B cell-based vaccine strategies
Based at the Sir William Dunn School of Pathology, this programme is funded by the Medical Research Council, The Wellcome Trust, The Bill and Melinda Gates Foundation and the International AIDS Vaccine Initiative. The programme has three main goals:
1. to design novel envelope glycoprotein (Env)-based antigens for eliciting HIV-1 neutralising antibodies
2. to discover and characterise novel adjuvants that are optimal for use with HIV-1 Env antigens for eliciting neutralising antibodies
3. to establish proof of principle that vaginal application of antigen-microbicide formulations can induce mucosal antibody responses to HIV-1
Design of novel envelope glycoprotein (Env)-based antigens
The only viral antigens relevant to design of HIV-1 vaccines aimed at eliciting neutralising antibodies are the Env glycoproteins. Early studies demonstated that the monomeric form of HIV-1 gp120 was both weakly immunogenic and a poor inducer of neutralising antibodies. Subsequent studies indicated that gp120 has evolved a range of highly effective immune evasion strategies preventing or reducing B cell recognition of conserved neutralisation epitopes. Subsequent studies have been aimed at engineering the env gene in order to produce recombinant proteins in which:
• Env is presented to the immune system as a trimer, to better represent the native Env viral spike
• The conserved receptor binding sites are constitutively exposed
• The neutralisation-irrelevant surfaces are masked
• The conformational flexibility of the glycoprotein is rigidified.
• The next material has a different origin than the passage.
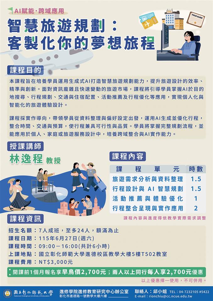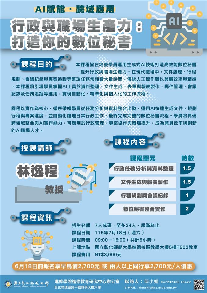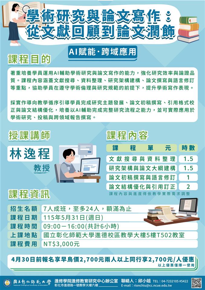 其他資訊 國立彰化師範大學進修學院推廣教育課程「【AI賦能.跨域應用】 學術研究與論文寫作:從文獻回顧到論文潤飾」、「【AI賦能.跨域應用】 智慧旅遊規劃:客製化你的夢想旅程」、「【AI賦能.跨域應用】 行政與職場生產力:打造你的數位秘書」課程 發布日期: 2026/04/21~2026/05/21 | 瀏覽人數: 7人 一、「【AI賦能.跨域應用】 學術研究與論文寫作:從文獻回顧到論文潤飾」(一)課程特色:課程採實作導向,教導學員利用 AI 進行文獻搜尋、研究構思與初稿撰寫。重點涵蓋語言潤飾、格式校正及論證結構優化,協助學員成為兼具學術論理與 AI 技能的高效學術寫作人才。(二)課程時間:115年5月31日(週日) 09:00-16:00,共計6小時。(三)課程費用:3,000元,開課前1個月報名享早鳥價2,700元;兩人以上同行每人享2,700元優惠。以上優惠擇一使用,不可併用。【AI賦能.跨域應用】學術研究與論文寫作舊生另享優惠2,500元。 二、「【AI賦能.跨域應用】 智慧旅遊規劃:客製化你的夢想旅程」(一)課程特色:課程採實作導向,運用AI生成並優化個人化旅遊行程,整合時間、交通、預算,培養完整規劃能力,並應用於個人或企業專案。(二)課程時間:115年6月27日(週六) 09:00-16:00,共計6小時。(三)課程費用:3,000元,開課前1個月報名享早鳥價2,700元;兩人以上同行每人享2,700元優惠。以上優惠擇一使用,不可併用。三、「【AI賦能.跨域應用】 行政與職場生產力:打造你的數位秘書」(一)課程特色:課程以實作為核心,教導運用AI自動化處理行政、行程與專案管理。學員將掌握數位秘書工作流,提升跨域整合力與職場效率,成為精準創新的AI實務專才。(二)課程時間:115年7月18日(週六) 09:00-16:00,共計6小時。(三)課程費用:3,000元,開課前1個月報名享早鳥價2,700元;兩人以上同行每人享2,700元優惠。以上優惠擇一使用,不可併用。四、報名步驟:線上報名,請至本校進修學院報名管理系統報 名。如第一次報名, 請先申請帳號。(https://aps.ncue.edu.tw/cee/index.php)五、請詳閱課程招生簡章,如有問題,請向本校進修學院進修教育研究中心洽詢:(04)723-2105分機5422邱小姐,Email:rionchiu@cc.ncue.edu.tw。

The Dunn School group has participated in the process of antigen modification and is currently following up a strategy of ‘antigenic silencing’ in which the neutralisation-irrelevant surfaces of the protein are immunologically silenced by addition of polymers such as polyethylene glycol or similar. It is hoped that this approach will focus the B cell response towards towards remaining exposed protein surfaces, corresponding to the conserved receptor binding sites. Further modifications include alteration of the glycans on Env to alter antigenicity and increase immunogenicity. This work is carried out in collaboration with G. Stuart-Jones at the Weatherall Institute of Molecular Medecine and Peter Kwong at the Vaccine Research Centre, National Institute of Health, USA.
Discovery of novel adjuvants for use with HIV-1 Env antigens
As with most other subunit vaccines, HIV-1 Env is relatively weakly immunogenic in its own right, requiring an adjuvant to elicit a potent immune response. Adjuvants currently licenced for use in man are limited to aluminium salts, virosomes, Novartis’s MF59, and the GSK series of adjuvants. To date none of the adjuvants tested in small animal models has shown the potency required to elicit high-titre neutralising antibody responses to HIV-1.
The Dunn School group has been involved in adjuvant discovery, and has two candidates. One is the polycation PEI which is currently undergoing extensive preclinical evaluation, the other is a variant of polyacrylic acid, which is at an earlier stage of development. It is hoped that either or both of these new classes of adjuvant may be useful not only in HIV vaccine design but also for other vaccines in which high titre antibody responses are required.
Proof of principle for vaginal application of antigen-microbicide formulations
As part of a Bill and Melinda Gates and Wellcome Trust funded consortium, the Dunn School of Pathology group have been developing model systems for evaluating the use of combinations of vaginal microbicides and HIV-1 Env based antigens as mucosal vaccine formulations. We have developed two in vivo models for vaginal administration, and have demonstrated that combinations of Env and microbicide lead to higher titres of mucosal, Env-specific IgG and/or IgA than antigen alone. If successful, this strategy might lead to the first self-applied mucosal vaccine.